(Data entries)
--------------------------------------------------

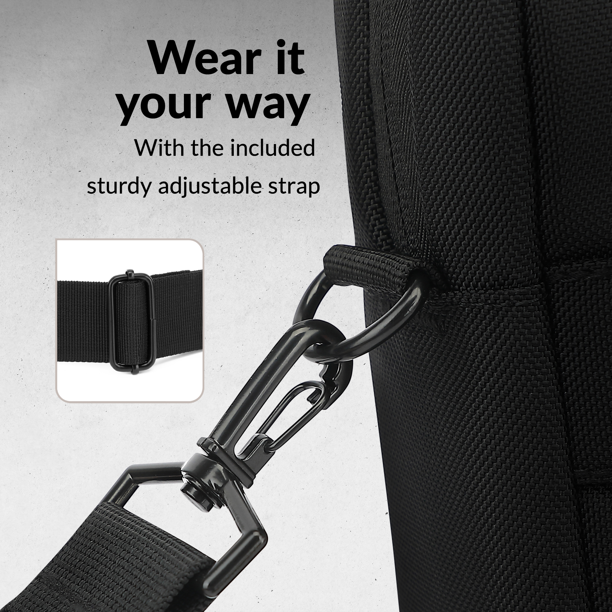 Je kunt de tas zowel met als zonder de afneembare schouderriem dragen, wat zorgt voor extra flexibiliteit en comfort, afhankelijk van jouw voorkeur.
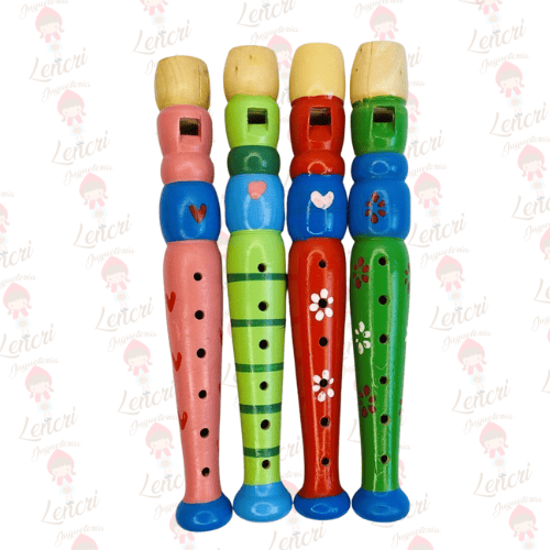 Diseños Vibrantes y Atractivos: Cada flauta presenta una combinación de colores alegres y patrones pintados a mano, capturando la atención visual de los niños.
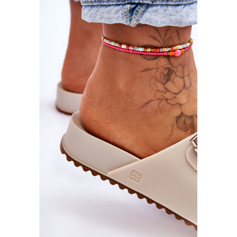Patogi avalynė, kuri suteiks kojoms visišką komfortą šiltomis vasaros dienomis. Funkciniai šlepetės plokščiu padu ir subtilia platforma. Šios stilingos šlepetės yra pagamintos iš lengvos, tačiau aukštos kokybės sintetinės medžiagos. Dirželiai yra reguliuojami, todėl galėsite tinkamai pritaikyti šlepetes pagal pėdos plotį. Šie batai yra veganiški ir hipoalergiški, be to, 100% perdirbami. Nė viename ZAXY prekės ženklo gaminyje nėra gyvūninės kilmės komponentų. Jie kvepia kaip burbuliukai. Rinkdamiesi dydį, žiūrėkite dydžių lentelę.
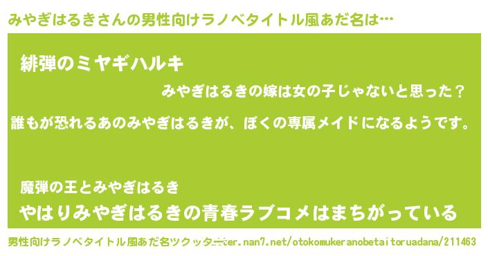 | 胡散臭い通販商品みたいなあだ名 | 『来世でも幸せになれる水素水…その名も「みやぎはるき」』 |
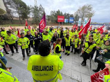 Unos 250 trabajadores del transporte sanitario, segun cifras de los sindicatos, se han concentrado hoy a las puertas del Hospital de Guadalajara para protestar por el bloqueo de la negociación del Convenio regional de Transporte Sanitario y por la insuficiente dotación económica por parte del Sescam, unas movilizaciones que cuentan con el respaldo de los sindicatos CC.OO y UGT.
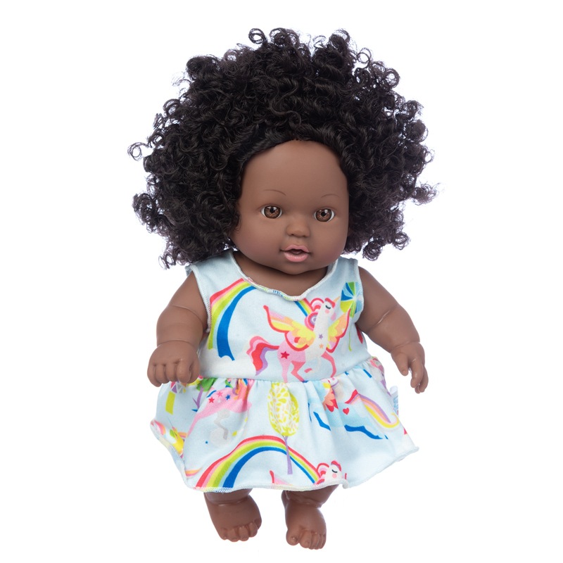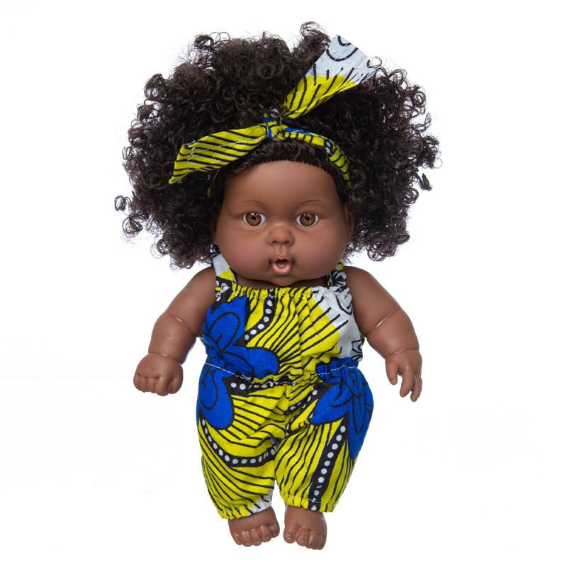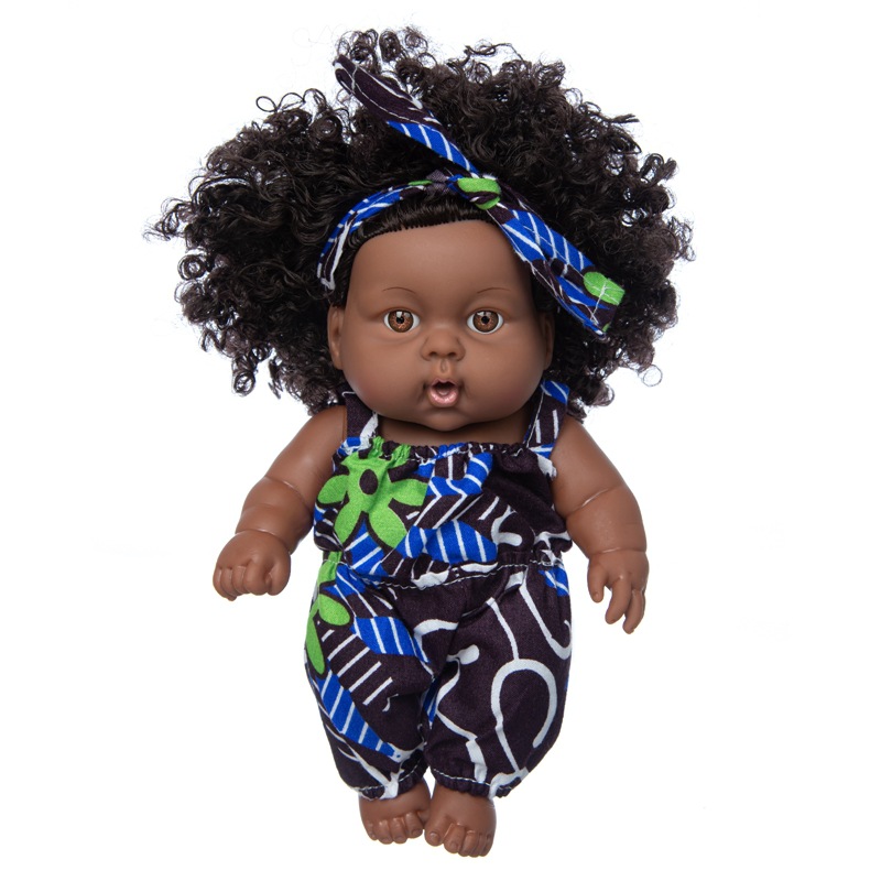 8 인치 폭발 머리 검은 인형 곱슬 인형 아기 장난감 아프리카 흑인 피부 인형 시뮬레이션 아기 인형

--------------------------------------------------

*AIM OF THE EXERCISE*. Images are to be left out when the records above are written out again exactly.

*TASK OUTPUT*.
 Je kunt de tas zowel met als zonder de afneembare schouderriem dragen, wat zorgt voor extra flexibiliteit en comfort, afhankelijk van jouw voorkeur.
 Diseños Vibrantes y Atractivos: Cada flauta presenta una combinación de colores alegres y patrones pintados a mano, capturando la atención visual de los niños.
Patogi avalynė, kuri suteiks kojoms visišką komfortą šiltomis vasaros dienomis. Funkciniai šlepetės plokščiu padu ir subtilia platforma. Šios stilingos šlepetės yra pagamintos iš lengvos, tačiau aukštos kokybės sintetinės medžiagos. Dirželiai yra reguliuojami, todėl galėsite tinkamai pritaikyti šlepetes pagal pėdos plotį. Šie batai yra veganiški ir hipoalergiški, be to, 100% perdirbami. Nė viename ZAXY prekės ženklo gaminyje nėra gyvūninės kilmės komponentų. Jie kvepia kaip burbuliukai. Rinkdamiesi dydį, žiūrėkite dydžių lentelę.
 | 胡散臭い通販商品みたいなあだ名 | 『来世でも幸せになれる水素水…その名も「みやぎはるき」』 |
 Unos 250 trabajadores del transporte sanitario, segun cifras de los sindicatos, se han concentrado hoy a las puertas del Hospital de Guadalajara para protestar por el bloqueo de la negociación del Convenio regional de Transporte Sanitario y por la insuficiente dotación económica por parte del Sescam, unas movilizaciones que cuentan con el respaldo de los sindicatos CC.OO y UGT.
 8 인치 폭발 머리 검은 인형 곱슬 인형 아기 장난감 아프리카 흑인 피부 인형 시뮬레이션 아기 인형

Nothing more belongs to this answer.